* _What is being asked_
Give back exactly the lines from the one that includes "पुलिस ने परिजनों" to the last line below, both included, and no further lines.

* _Listed entries_
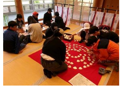
いつきのみや歴史体験館 斎宮歴史博物館(6年生)
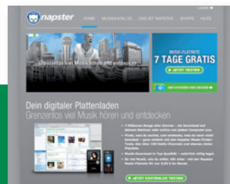
Präsentiert sich in neuem Design: Napster

Online-Portal Napster hat seine Consumer-Seiten überarbeitet und bietet neuerdings auch einen „MoodManager“, mit dem die richtige Musik zur jeweiligen Stimmung des Users anhand einer Farbskala zusammengestellt wird.
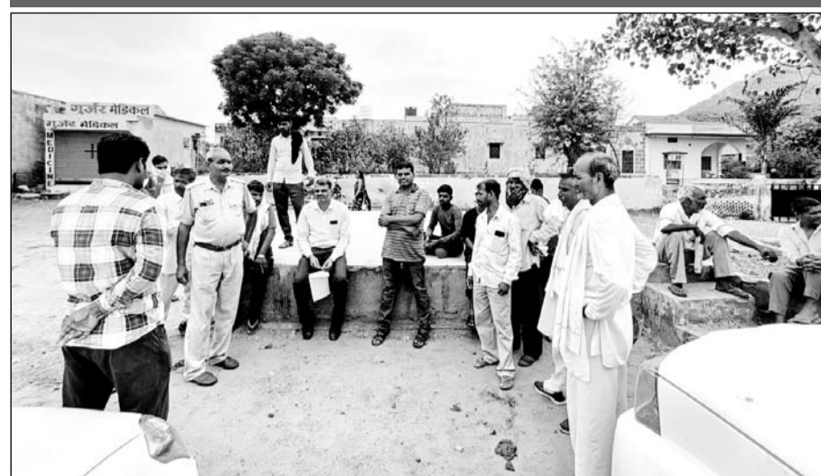
पुलिस ने परिजनों की मौजूदगी में पोस्टमार्टम की कार्रवाई की।

सड़क पर लड़ रहे सांडों ने बाइक को टक्कर मार दी थी

* _Exercise result_
पुलिस ने परिजनों की मौजूदगी में पोस्टमार्टम की कार्रवाई की।

सड़क पर लड़ रहे सांडों ने बाइक को टक्कर मार दी थी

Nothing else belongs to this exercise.